5. Data Sharing and Disclosure
We do not sell your Personal Data. We may share your data with the following parties only when necessary:
- Insurance Providers: To obtain quotes and issue the insurance policy you have selected.
- Payment Gateways: With our trusted payment partners, including Mastercard Payment Gateway Services (MPGS), Benefit, and Apple Pay, to securely process your payments. We do not store your full credit/debit card details on our systems. The handling and security of your card information are managed directly by these payment providers.
- eKYC Service Providers: With ShuftiPro and Benefit (for Wathiq) to perform mandatory identity verification.
- Regulatory Authorities: With the Central Bank of Bahrain (CBB) and other law enforcement or government bodies as required by law or to respond to legal processes.
- Professional Advisors: Including lawyers, auditors, and consultants to the extent necessary for them to provide their services to us.
We ensure that all third parties with whom we share your data are contractually obligated to protect your data and use it only for the purposes for which it was disclosed.
6. International Data Transfers
Your Personal Data may be transferred to, and processed in, countries outside of the Kingdom of Bahrain. We will only transfer your data to countries that are deemed to provide an adequate level of data protection by the Bahraini authorities or where we have put in place appropriate safeguards (such as Standard Contractual Clauses) to ensure your data is protected in accordance with the PDPL.
7. Data Security
We have implemented robust technical and organizational security measures to protect your Personal Data against accidental or unlawful destruction, loss, alteration, unauthorized disclosure, or access. These measures include data encryption, access controls, secure server environments, and regular security assessments.
8. Data Retention
We will retain your Personal Data only for as long as is necessary to fulfill the purposes for which it was collected. This includes satisfying any legal, regulatory, accounting, or reporting requirements. As per CBB regulations, records related to your transactions and identity verification must be kept for a minimum of five (5) years after the termination of the business relationship.
9. Your Legal Rights
Under the PDPL, you have the following rights regarding your Personal Data:
- The Right to be Informed: To know how we are processing your data.
- The Right of Access: To request a copy of the Personal Data we hold about you.

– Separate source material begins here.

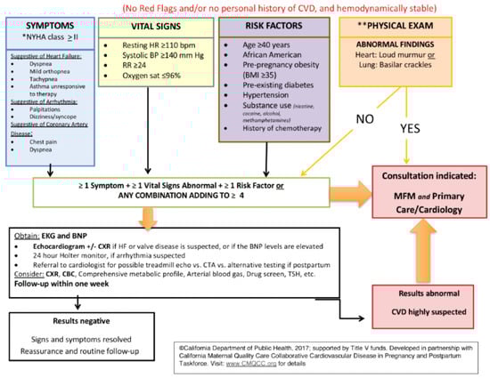 California Maternal Quality Care Collaborative (CMQCC) algorithm to identify red flags in pregnant and postpartum patients that would prompt further cardiovascular disease evaluation.
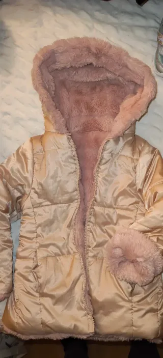 Chamarra reversible para niña boboli, con un lado satinado en color dorado y el otro forrado de peluche rosa. - Capucha con forro de peluche. - Puños con detalle de peluche. - Cierre frontal.

- The Right to Rectification: To request the correction of inaccurate or incomplete data.
- The Right to Erasure: To request the deletion of your data, subject to certain conditions.
- The Right to Restrict Processing: To request a halt on the processing of your data in certain circumstances.
- The Right to Object: To object to the processing of your data, particularly for direct marketing.
- The Right to Data Portability: To request that we transfer your data to another organization in a structured, commonly used format.
- The Right to Complain: To lodge a complaint with the Bahrain Personal Data Protection Authority if you believe your rights have been infringed.
To exercise any of these rights, please contact our Data Protection Officer using the details provided below.
10. Cookies
Our Platform uses cookies to enhance user experience. A cookie is a small text file stored on your device. For more information on how we use cookies, please see our Cookie Policy.
11. Changes to This Privacy Policy
We may update this Privacy Policy from time to time. We will notify you of any significant changes by posting the new policy on this page and updating the "Last Updated" date. We encourage you to review this policy periodically.